UpDate - Vol. 12, No. 5, Page 3                                
October 1, 1992                                                
In Andrew's wake; WXDR engineer takes supplies to friends in Florida    
                                                               
     When Hurricane Andrew struck Florida in late August, cities     
across the nation tuned their televisions to CNN for a look at the   
carnage. With friends near the scene of the destruction, University  
employee Rich McGuire decided to make the long journey southward to  
see for himself-and to be with his friends.                          
     McGuire, assistant manager and chief engineer of campus radio   
station WXDR, said he was on the phone with Chris, a friend of his   
since high school.  They talked several times during the night of the
storm as increasingly violent winds gave Floridians a hint of what was        
to come.                                                             
     "He was using a cellular phone, because he knew that when the   
storm really hit Florida Power & Light would get knocked out," McGuire        
said.                                                                
     As Chris and his wife prepared for the onslaught-having fled    
their home in favor of a steel-reinforced building in the east coast 
town of Dania- McGuire assisted by instructing his friend via phone on        
the operation of a large generator.                                  
     "The noise was possibly the most frightening part of it," McGuire  
said. "It was just relentless."                                      
     Around 3 a.m., after his friends had barricaded a delivery bay's
door with a forklift,  McGuire said he hung up the phone on their last        
telephone conversation. By then, the group was tired enough to sleep 
through the hurricane, and McGuire was left to wonder how they were  
faring.                                                              
     Another phone call the next day put McGuire's mind to rest about
the safety of his friends.                                           
     "They got through it with no problems," he said.  But still     
McGuire wanted to do more. So, with extra rolls of toilet paper on   
board, he left for Florida in his 32-foot RV, a 1978 Dodge dubbed "Big        
Bus." It took 26 hours to reach his destination in the southern part 
of the Sunshine State.                                               
     "As you traveled from Ft. Lauderdale toward Miami, you could see   
moderate to huge piles of garbage everywhere," he said. "There were no        
power poles left standing, and very few trees. The trees that were   
still in the ground had no leaves."                                  

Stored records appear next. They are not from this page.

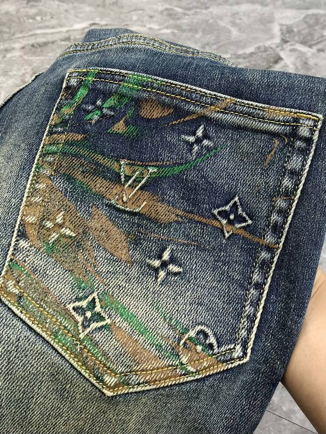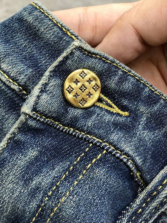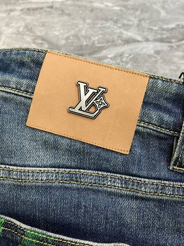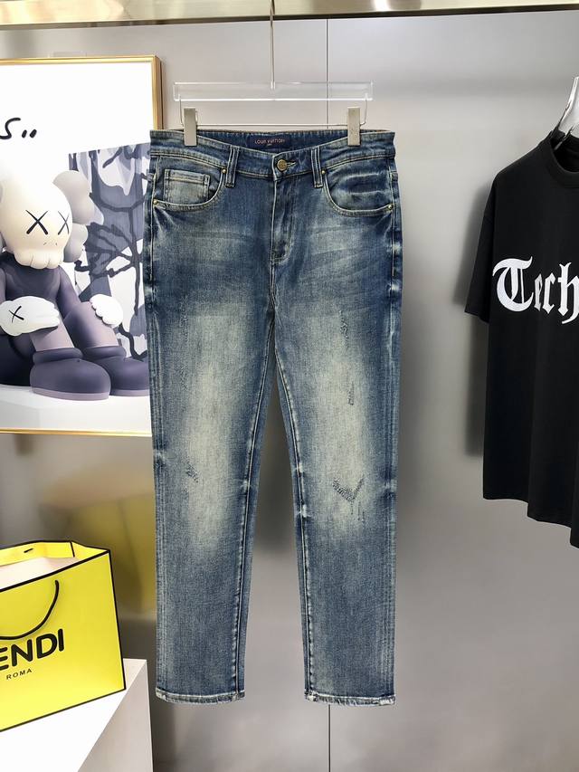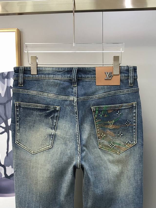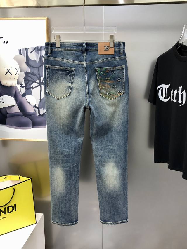 Lv Louis Vuitton 2025 early autumn new men's slim-fit skinny jeans, synchronized with the official website, simple and fashionable hot-selling black cow, high-end custom original single, hot goods, back trouser pocket embossed rubber printed logo pattern design, customized imported denim washed denim pure cotton fabric, original accessories, fine workmanship, cool and energetic, soft and delicate, comfortable and breathable commuter style, extremely high matching rate and extremely durable, counter quality, super handsome and stylish, size: 29-38, with stretch, 35, not 37, shipped the next day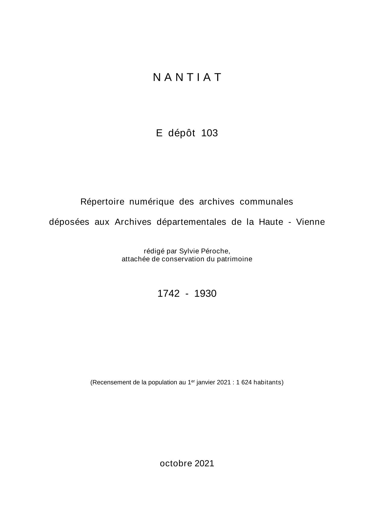 Commune de Nantiat. Répertoire numérique des archives communales déposées aux Archives départementales de la Haute-Vienne, par S. Péroche, 2021, 9 p. dact.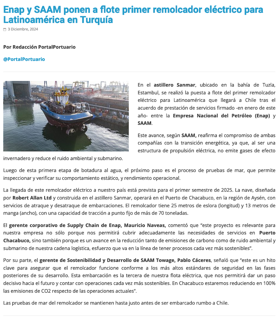 Primer remolcador eléctrico para Latinoamérica en Turquía de Enap y SAAM prepara su viaje a Chile - (La Tercera Online)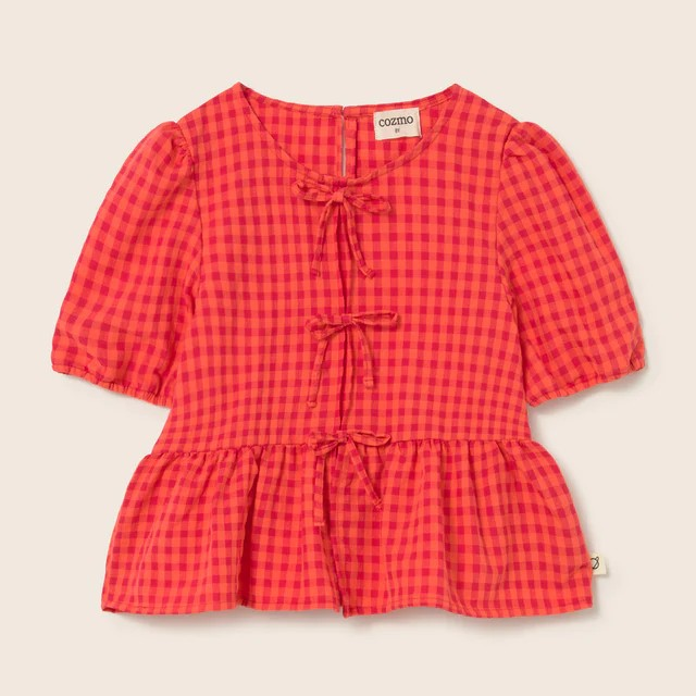 La blouse coton vichy Joy de Cozmo apporte fraîcheur et style aux tenues des filles. Son motif carreaux rouges et blancs crée un look estival charmant et élégant.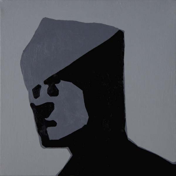 It is an almost side profile of the subject. He is turned slightly towards the viewer. The bottom right hand corner is the start of the subject’s upper portion of his left shoulder, and just beyond the middle of the canvas is where the upper portion of the subject’s chest is. This portion is painted in black, and all the black is connected together except around the subject’s right eye. That piece floats alone on Gray #2.

     Traffic on the interstate and other major roads was horrendous, 
McGuire recalled. Some of the vehicles were military and             
rescue-related, but many appeared to be sightseers.                  
     "The police were stopping everyone in some areas close to       
Homestead," he said. People without business in the region were told 
to turn around and "head north."                                     
     As it turned out, McGuire said, his friends' home-about 15 miles
to the north of the building they had stayed in throughout the       
hurricane-was spared, suffering only minor damage to a few shingles  
and the loss of all the foliage in the yard.                         
     "They were lucky and they knew it," he said. "That was one of the  
most common expressions, "Boy, we were lucky."                       
     Also overheard around Broward and Dade counties were, "Next time
we're getting out of here," McGuire said.                            
     Two days after he arrived, as relief efforts were just getting  
off the ground in the devastated Homestead area, McGuire and his     
friends finished the relatively minor task of cutting up broken tree 
limbs that littered local yards and streets.                         
     With much of their work done, McGuire said they helped move a   
less fortunate friend, who had lost his home, to Miami, where he would        
live with another lucky survivor.                                    
     After a week and a half, and with the start of school           
approaching, McGuire headed north. "When I left, people were still in
denial," he said. "There were families guarding heaps of junk that   
used to be their homes. Many of them resisted moving, even though the
counties had begun condemning their property. It was sad, they were  
remembering what was there just days before, but it was all gone."